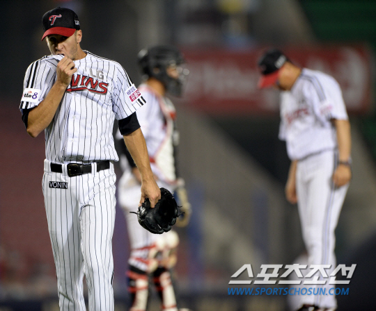 LG와 SK의 주중 2연전 첫번째 경기가 12일 잠실구장에서 열렸다. LG 티포드가 4회초 1사 만루 SK 박정권이 우익수 오른쪽으로 흐르는 2타점 2루타를 허용한 후 마운드를 내려가고 있다. 잠실=허상욱 기자 wook@sportschosun.com
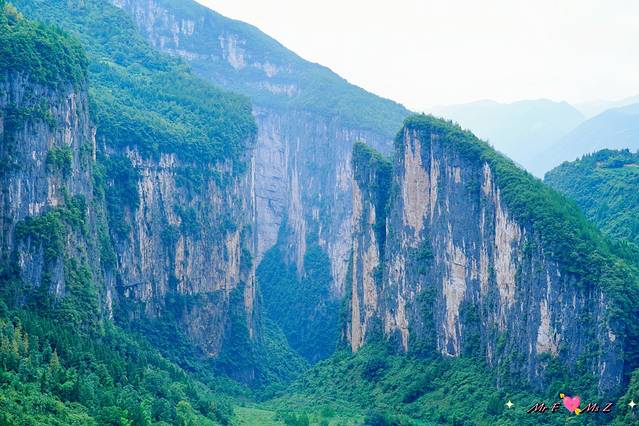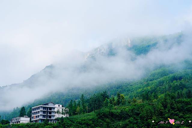 上方的绝壁在雾中若隐若现,犹如仙境中的神山。山坡上的树木有了雨水和雾气的滋润,显得更加鲜绿。近年来,随着大峡谷知名度的不断提升,附近的民宿如雨后春笋般涌现,有兴趣的童鞋也可以选择和酒店不一样的住宿体验,感受下当地的风土人情。
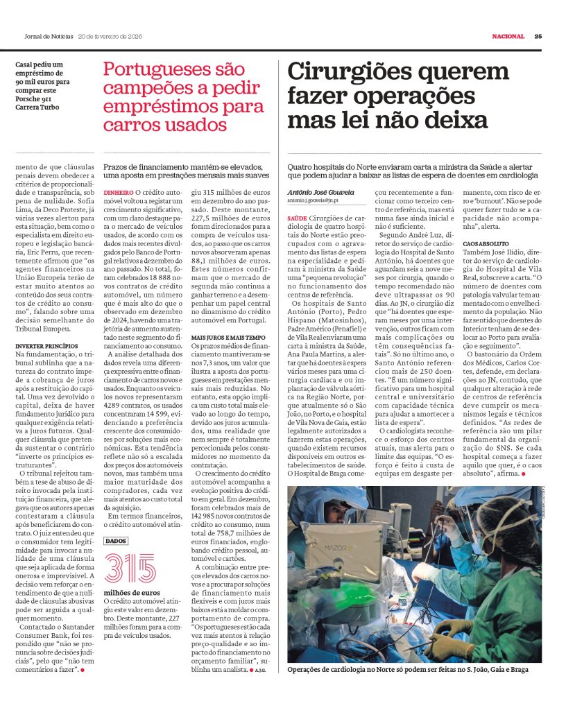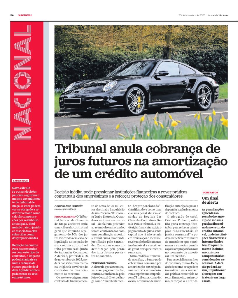 A notícia, publicada na edição de 20 de fevereiro de 2026, detalha o caso de um casal que, ao pretender amortizar o crédito de uma viatura de alta gama, foi confrontado com uma penalização superior a 19 mil euros. O Tribunal, acolhendo a nossa tese, considerou tal exigência “manifestamente desproporcionada”.
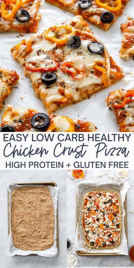 This easy chicken crust pizza is a low carb, high protein pizza crust that is sturdy and delicious. It makes a great healthy alternative to traditional pizza crust and is easy to make with a few simple ingredients.
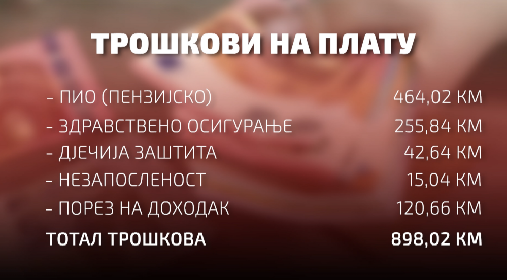Na platu od 2.500 KM, samo za penzijsko osiguranje mjesečno vam ode 464,02 marke. Zdravstveno vas košta još 255,84 KM. A onda ide i ostatak računa: desetine maraka za dječiju zaštitu, osiguranje za slučaj nezaposlenosti i porez na dohodak. Ukupno, skoro 900 maraka mjesečno ode državi, prije nego što vi uopšte vidite svoju platu.
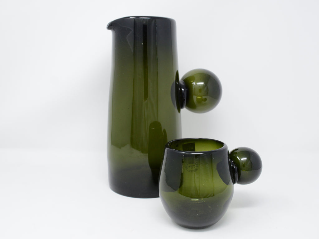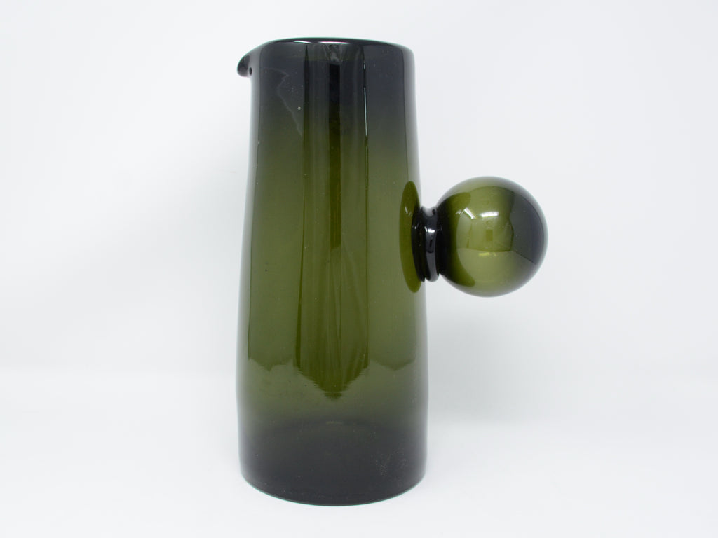 The Nina pitcher is made using recycled glass by artisans in Guadalajara, Mexico. Green color. Food Safe.

============

-- INSTRUCTIONS FOR THE TASK --
Please repeat the lines of the material above exactly, starting with the line that contains "上方的绝壁在雾中若隐若现,犹" and ending with the line that contains "A notícia, publicada". Leave the pictures out.

-- OUTPUT FOR THIS TASK --
 上方的绝壁在雾中若隐若现,犹如仙境中的神山。山坡上的树木有了雨水和雾气的滋润,显得更加鲜绿。近年来,随着大峡谷知名度的不断提升,附近的民宿如雨后春笋般涌现,有兴趣的童鞋也可以选择和酒店不一样的住宿体验,感受下当地的风土人情。
 A notícia, publicada na edição de 20 de fevereiro de 2026, detalha o caso de um casal que, ao pretender amortizar o crédito de uma viatura de alta gama, foi confrontado com uma penalização superior a 19 mil euros. O Tribunal, acolhendo a nossa tese, considerou tal exigência “manifestamente desproporcionada”.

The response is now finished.